PStrata fits Bayesian principal stratification models using Stan. It supports a wide variety of models, priors, and assumptions to provide flexibility for causal inference in the presence of post-treatment confounding.
See Liu and Li (2023) arXiv:2304.02740 for details.
# Install from GitHub
devtools::install_github("LauBok/PStrata")Let \(Z\) denote the assigned treatment, \(D\) denote the post-randomization intermediate variable, \(X\) denote the covariates and \(Y\) denote the outcome. Define \(S = (D(0), D(1))\) as the principal stratum.
PStrata requires specification of two models:
S-model: a multinomial model for the distribution of principal strata given covariates \[\log \frac{p(S = s\mid X)}{p(S = s_0 \mid X)} = X \beta^S.\]
Y-model: a generalized linear model for the outcome specific to a principal stratum and treatment, given the covariates \[\mathbb{E}[Y \mid X, S, Z] = g^{-1}(X \beta_{s, z}^Y).\]
Monotonicity: assumes \(D(0)\leq D(1)\), ruling out the existence of principal stratum \(S = (1, 0)\). In PStrata, users explicitly specify all principal strata that are assumed to exist, allowing more flexibility than the standard monotonicity assumption.
Exclusion restriction (ER): for principal stratum \(S\) where \(D(0) = D(1)\), assumes \(p(Y \mid X, S, Z) = p(Y \mid X, S)\).
Consider fitting a Bayesian principal stratification model on
sim_data_normal, with intercept-only S-model and Y-model.
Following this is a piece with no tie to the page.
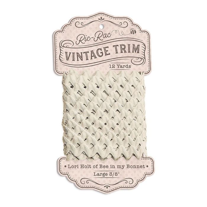 Large Vintage Trim by Lori Holt of Bee in my Bonnet will add just the right touch of vintage to your projects. Each card holds 12 yards of 5/8" trim.

The Y-model uses a Gaussian family with identity link. We assume
monotonicity and exclusion restriction on both \(S = (0, 0)\) and \(S = (1, 1)\).
library(PStrata)
obj <- PStrata(
S.formula = Z + D ~ 1,
Y.formula = Y ~ 1,
Y.family = gaussian(link = "identity"),
data = sim_data_normal,
strata = c(n = "00*", c = "01", a = "11*"),
prior_intercept = prior_normal(0, 1),
prior_sigma = prior_inv_gamma(1),
chains = 4, warmup = 500, iter = 1000
)The strata argument specifies the assumed principal
strata. The * suffix denotes that the exclusion restriction
is applied to that stratum. Names (e.g., n, c,
a for never-taker, complier, always-taker) are
optional.
Print obj for an overview of estimated stratum
proportions. Use summary(obj) for quantiles and confidence
intervals.
obj
summary(obj)To obtain estimated mean effects by principal stratum and treatment arm:
res <- PSOutcome(obj)
summary(res, "data.frame")
plot(res)To compute stratum-specific treatment effects (\(Y(1) - Y(0)\)):
cont <- PSContrast(res, Z = TRUE)
summary(cont, "data.frame")
plot(cont)PStrata also supports survival outcomes with Cox proportional hazards models:
obj <- PStrata(
S.formula = Z + D ~ 1,
Y.formula = survival(time, status, method = "Cox") ~ 1,
data = sim_data_Cox,
strata = c(n = "00*", c = "01", a = "11*"),
prior_intercept = prior_normal(0, 1),
chains = 4, warmup = 500, iter = 1000
)
res <- PSOutcome(obj)
cont <- PSContrast(res, Z = TRUE)
plot(cont)| Function | Description |
|---|---|
PStrata() |
Fit a principal stratification model |
PSOutcome() |
Extract estimated outcomes by stratum and treatment |
PSContrast() |
Compute contrasts (e.g., treatment effects) |
PSFormula() |
Create a formula object for PStrata |
PStrataInfo() |
Specify strata and assumptions |
PSObject() |
Build the full model specification |
make_stancode() |
Generate Stan code for inspection |
make_standata() |
Generate Stan data for inspection |
PStrata provides a set of prior distribution functions:
prior_normal(), prior_t(),
prior_cauchy(), prior_logistic(),
prior_exponential(), prior_gamma(),
prior_inv_gamma(), prior_chisq(),
prior_inv_chisq(), prior_weibull(),
prior_lasso(), prior_flat()
GPL (>= 2)